::: DATASET EXCERPTS :::

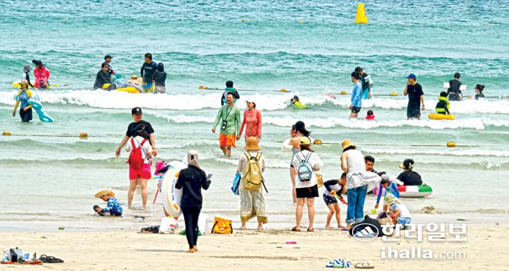 17일 제주시 한림읍 협재해수욕장에 많은 피서객들이 찾아 물놀이를 즐기며 무더위를 식히고 있다. 강희만기자
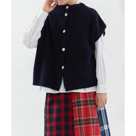 ふんわり軽やかで暖かい、カジュアルだけどどこか品のあるシェットランドセーター。ちょこんと立つハイネックのショート丈ニットベストです。前後どちらでも着用できる2way仕様。ブラウスやカットソーなどのトップス、ワンピースとのレイヤードなど幅広く活躍するアイテムです。
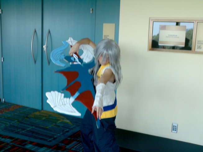 When I saw her (I think it was a her–hard to tell when cosplaying a Square/Enix video game character 🙂 ) lying there, I had to take a shot. With the camera! Then she offered to pose for me. Nice girl.
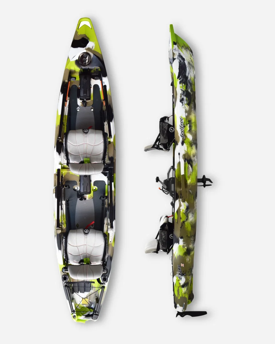 Le Lure II Tandem est un kayak biplace idéale pour les pêcheurs à la recherche de confort, de stabilité et de polyvalence. Conçu pour offrir une expérience de pêche optimale en duo ou en mode solo, il permet de pagayer, pédaler ou même d’ajouter une motorisation* pour une aventure en toute liberté. Que vous soyez débutant ou passionné, ce kayak s’adapte à toutes vos envies d’exploration et de pêche.
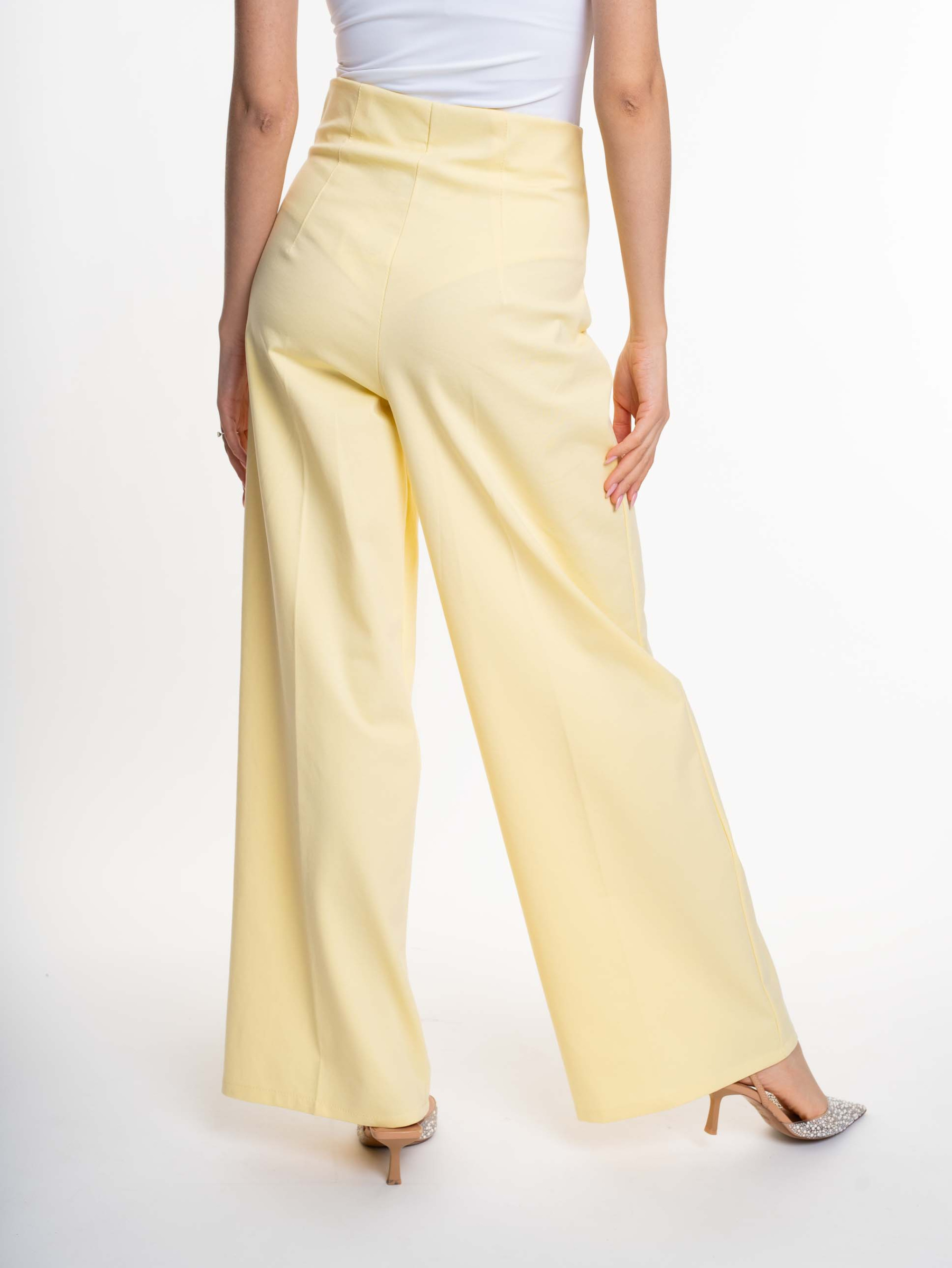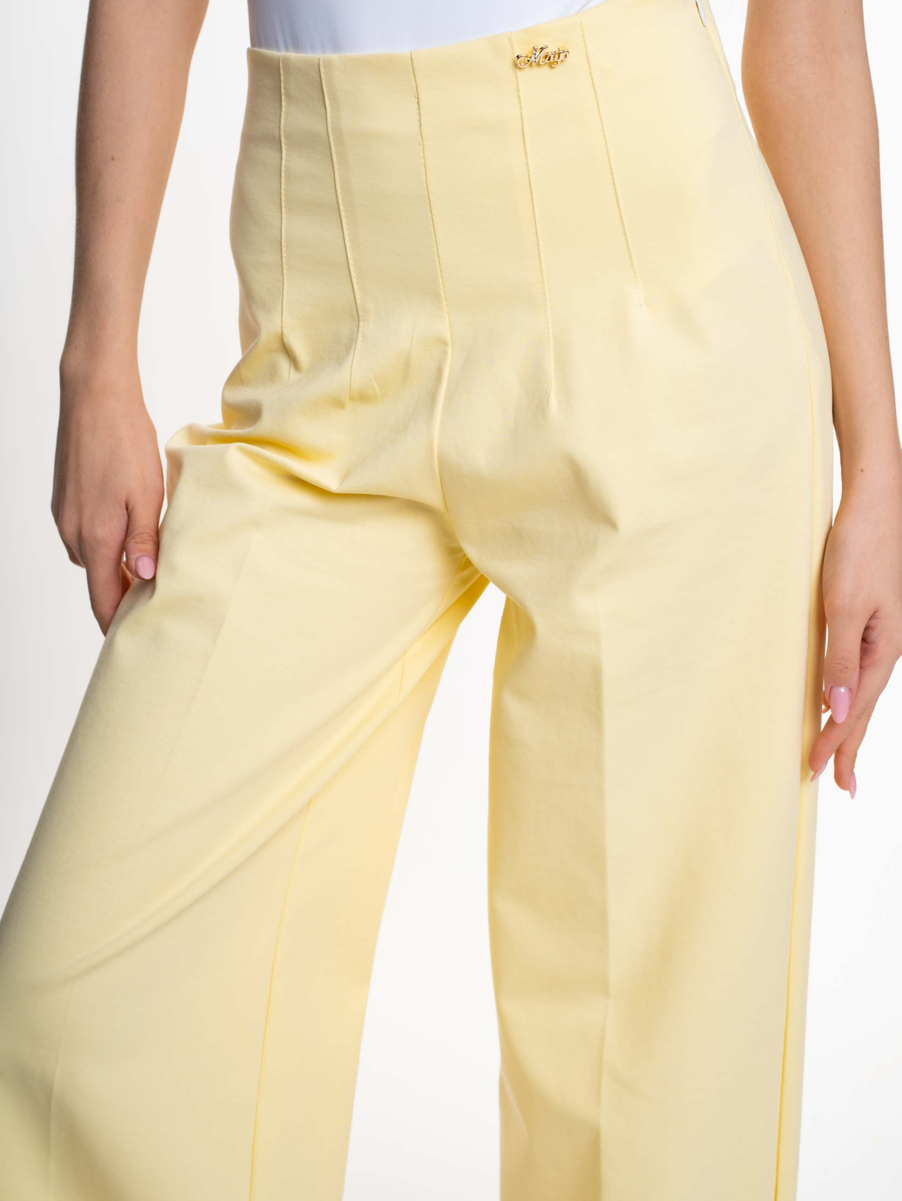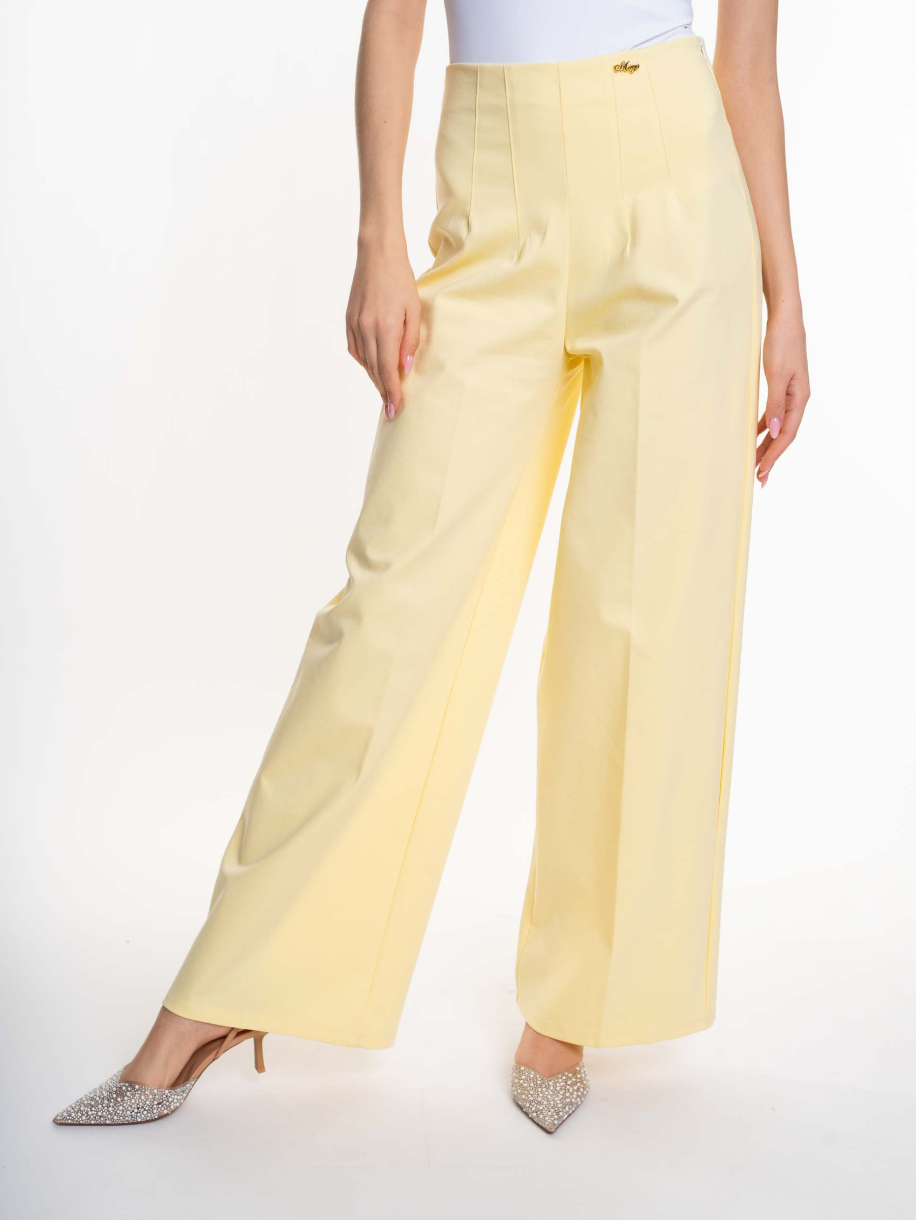 Elasztikus anyagból készült, bő szárú nadrág, emelt derékrésszel, cipzáras záródással, mosáshoz levehető fém bross márkajelzéssel.
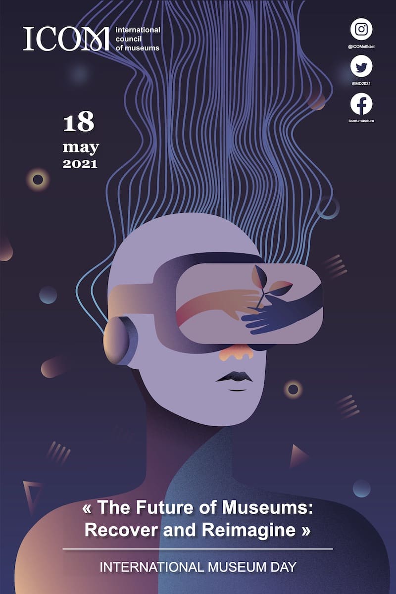 2021年國際博物館日主題為「博物館的未來:復甦與新象」(The Future of Museums: Recover and Reimagine),廣邀各博物館、博物館專業人士及社群共襄盛舉,一同創造、想像並分享文化機構(共同)創造價值的嶄新實務作法與創新商業模式,攜手探索當前社會、經濟及環境挑戰下的未來展望。

:::

DESCRIPTION OF THE TASK
Leave out every picture and copy verbatim the lines running from the line containing "Le Lure II Tandem" through the final line of the data.

RESULT FOR THIS TASK
 Le Lure II Tandem est un kayak biplace idéale pour les pêcheurs à la recherche de confort, de stabilité et de polyvalence. Conçu pour offrir une expérience de pêche optimale en duo ou en mode solo, il permet de pagayer, pédaler ou même d’ajouter une motorisation* pour une aventure en toute liberté. Que vous soyez débutant ou passionné, ce kayak s’adapte à toutes vos envies d’exploration et de pêche.
 Elasztikus anyagból készült, bő szárú nadrág, emelt derékrésszel, cipzáras záródással, mosáshoz levehető fém bross márkajelzéssel.
 2021年國際博物館日主題為「博物館的未來:復甦與新象」(The Future of Museums: Recover and Reimagine),廣邀各博物館、博物館專業人士及社群共襄盛舉,一同創造、想像並分享文化機構(共同)創造價值的嶄新實務作法與創新商業模式,攜手探索當前社會、經濟及環境挑戰下的未來展望。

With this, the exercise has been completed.